» Exercise instructions
Produce a word-for-word copy of the line that contains "DESCRIPTION Sport. Cotton fabric. Sweat" and each line after it through the end of the material, omitting pictures and all other lines.

» Provided material

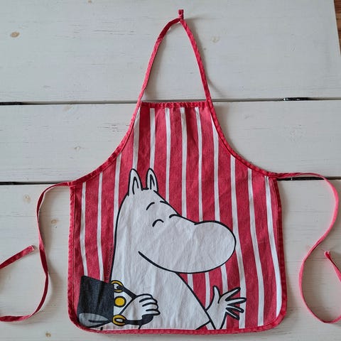 Lasten Muumiessu seuraavalle pienelle kokille. Suojaa vaatteita myös askarrellessa tai maalatessa. Luutulla voi pyyhkiä essun pinnan.
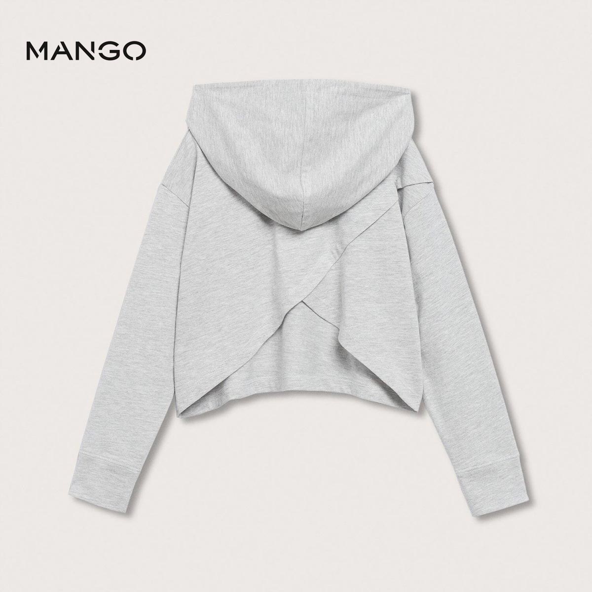 DESCRIPTION Sport. Cotton fabric. Sweat style. Cropped design. Rounded neck. Hood. Long sleeve. Crossover back. Back slit.
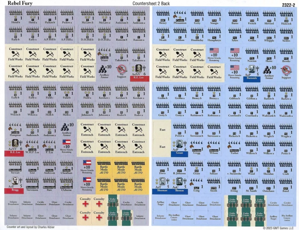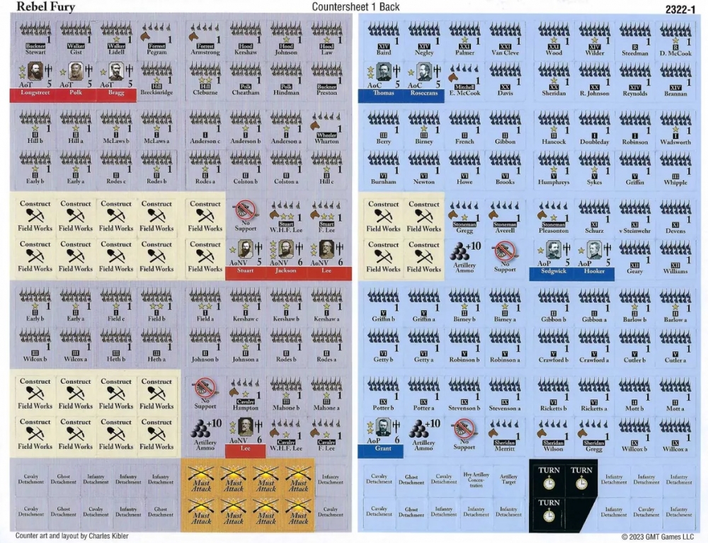 Ce jeu propose un nouveau système de combat pour la guerre civile, semblable aux anciens quadrigames de SPI, Blue & Gray. Chaque partie de Rebel Fury est rapide à mettre en place, rapide à jouer et profondément interactive. La densité des pions dans chaque scénario est faible, ce qui vous permet de voir et d'avoir une vision globale de la bataille.
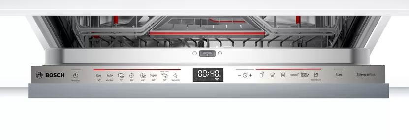 Встраиваемая посудомоечная машина Bosch SMV6HCX3FR имеет гибкую загрузку и интеллектуальное дистанционное управление через приложение Home Connect. С технологией Home Connect вы можете настраивать и запускать мойку прямо со смартфона. Активируйте функцию Easy Start для автоматического выбора оптимальной программы в зависимости от типа и количества посуды, а также степени ее загрязнения. Функция «Счетчик таблеток» присылает в приложении push-уведомления, когда у вас осталось последние пять таблеток моющего средства.

» Answer box
 DESCRIPTION Sport. Cotton fabric. Sweat style. Cropped design. Rounded neck. Hood. Long sleeve. Crossover back. Back slit.
 Ce jeu propose un nouveau système de combat pour la guerre civile, semblable aux anciens quadrigames de SPI, Blue & Gray. Chaque partie de Rebel Fury est rapide à mettre en place, rapide à jouer et profondément interactive. La densité des pions dans chaque scénario est faible, ce qui vous permet de voir et d'avoir une vision globale de la bataille.
 Встраиваемая посудомоечная машина Bosch SMV6HCX3FR имеет гибкую загрузку и интеллектуальное дистанционное управление через приложение Home Connect. С технологией Home Connect вы можете настраивать и запускать мойку прямо со смартфона. Активируйте функцию Easy Start для автоматического выбора оптимальной программы в зависимости от типа и количества посуды, а также степени ее загрязнения. Функция «Счетчик таблеток» присылает в приложении push-уведомления, когда у вас осталось последние пять таблеток моющего средства.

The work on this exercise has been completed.